** Dataset excerpt follows **

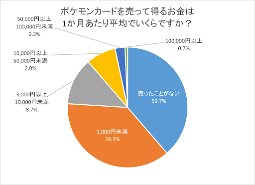 「ポケモンカードを売って得るお金は1か月あたり平均でいくらですか?」という質問では、「売ったことがない」を除き、「3,000円未満」が112票、「3,000円以上10,000円未満」が38票を集めました。
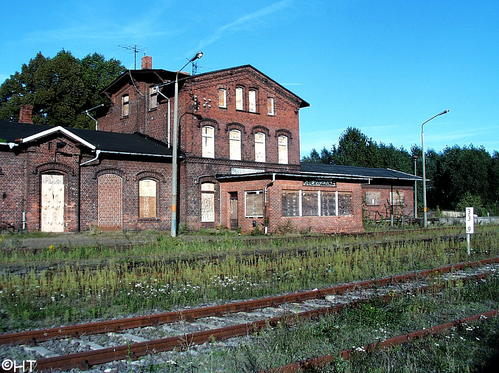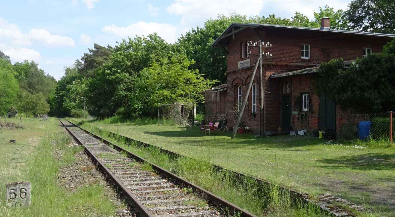 | km 24,60 der StreckeNeustadt (Dosse) 0,0 - Pritzwalk 41,81 - Meyenburg 61,46 - Grenze Preußen/Mecklenburg 63,536 = km 0,0 - Karow (Meckl) 24,60 - Güstrow 59,80 |
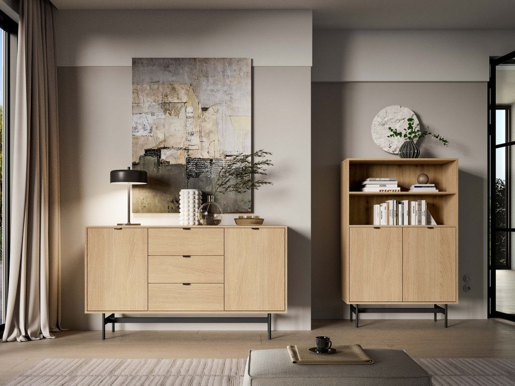 Kolekcia Reynos predstavuje moderný nábytok, ktorý spája minimalistický dizajn s vysokou funkčnosťou. Kombinácia svetlého dekoru duba mavelie a čiernych kovových prvkov vytvára nadčasový vzhľad s jemným industriálnym akcentom, ktorý ľahko zapadne do obývačky aj spálne. Vizuálna ľahkosť, čisté línie a premyslené detaily robia z tejto kolekcie atraktívne riešenie pre súčasné bývanie.

** End of Dataset excerpt **

Once the pictures are set aside, the remaining data must be transcribed exactly.

 「ポケモンカードを売って得るお金は1か月あたり平均でいくらですか?」という質問では、「売ったことがない」を除き、「3,000円未満」が112票、「3,000円以上10,000円未満」が38票を集めました。
 | km 24,60 der StreckeNeustadt (Dosse) 0,0 - Pritzwalk 41,81 - Meyenburg 61,46 - Grenze Preußen/Mecklenburg 63,536 = km 0,0 - Karow (Meckl) 24,60 - Güstrow 59,80 |
 Kolekcia Reynos predstavuje moderný nábytok, ktorý spája minimalistický dizajn s vysokou funkčnosťou. Kombinácia svetlého dekoru duba mavelie a čiernych kovových prvkov vytvára nadčasový vzhľad s jemným industriálnym akcentom, ktorý ľahko zapadne do obývačky aj spálne. Vizuálna ľahkosť, čisté línie a premyslené detaily robia z tejto kolekcie atraktívne riešenie pre súčasné bývanie.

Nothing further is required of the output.